In Estonia, housing and rents have risen sharply since 2010. In Finland, housing prices have been slower than the EU average, but rents have risen faster than many others.
Home sale is currently so lively in Finland that not everyone who has sold their homes wants to find a new home after shopping.
Trading volumes have been clearly elevated since the summer of last year and in February home sales were up to 18 percent higher than a year earlier.
As demand increases, prices rise. In February, house prices rose by 3.4 per cent in the Greater Helsinki area, 4 per cent in Tampere and 3.4 per cent in Oulu compared with the previous year. In February, house prices will rise as well propped up otherwise moderate inflation in Finland.
Looking at current spending, it feels like at least house prices are skyrocketing very quickly. However, this is not the case when looking at a longer period of time.
In fact, housing prices in Finland have been very moderate in the last decade compared to the European Union countries on average. According to a table published by Eurostat, Finland lags far behind Estonia, Sweden, Germany and the Netherlands in rising house prices.

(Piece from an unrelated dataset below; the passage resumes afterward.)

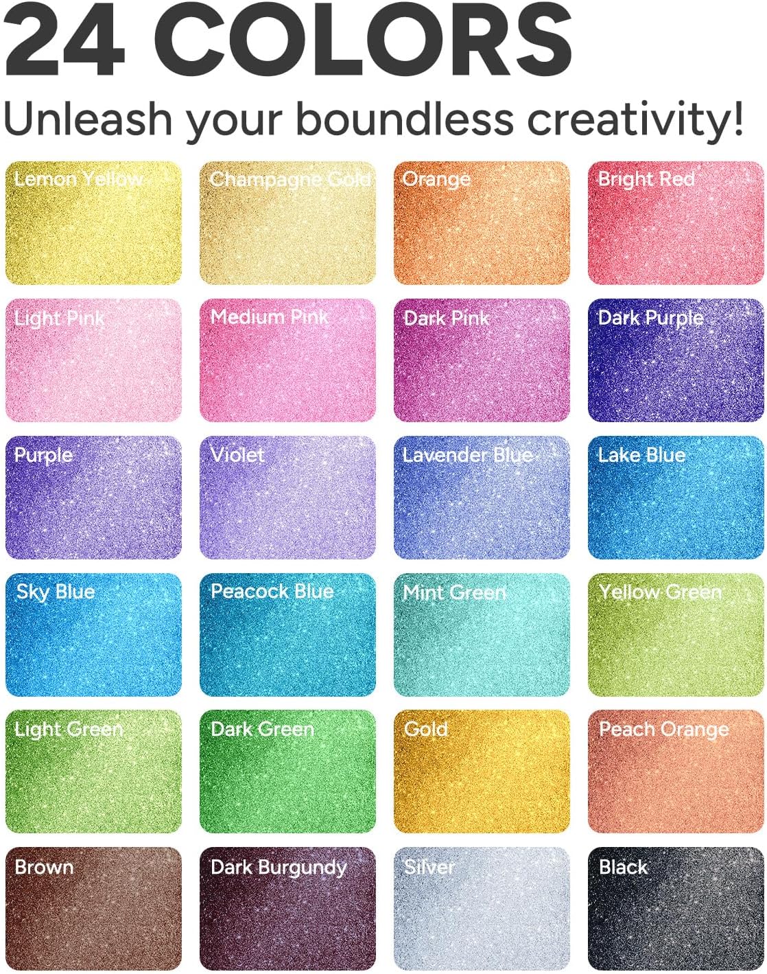 JusArt 24 Colors Glitter Markers, 0.7mm Extra Fine Tip Acrylic Glitter Pens, Metallic Shimmer Marker for Kids Adults DIY Crafts Making, Drawing, Scrapbooking Supplies, Rock, Wood, Glass, Fabric

Housing the leading country in terms of price increases is Estonia, where prices have risen by almost 113 per cent from the last quarter of 2010 to the same period in 2020. Over the same period, house prices rose by around 29% on average across the EU. According to Eurostat, house prices in Finland have risen by 14.6 per cent over the same period.
In Finland, house prices rose by more than 10 per cent in a decade.
In four EU countries, house prices have even fallen. Housing prices have fallen the most in Greece, by about 28 percent. In Italy, prices fell by 15%, in Spain by about 5% and in Cyprus by just over 3%.
In addition to Estonia, there has also been strong growth in Luxembourg and Hungary, both of which have seen prices rise by more than 90%. Growth has also been particularly strong in Latvia and Austria.
Also Estonia ranks first in the rise in rents with an increase of more than 140 percent. Lithuania also reaches more than 100%.
Across the EU, rents rose by an average of 14.9% over ten years. Rents became cheaper only in Greece and Cyprus.
In Finland, rents have risen considerably more than average, by almost 30 per cent.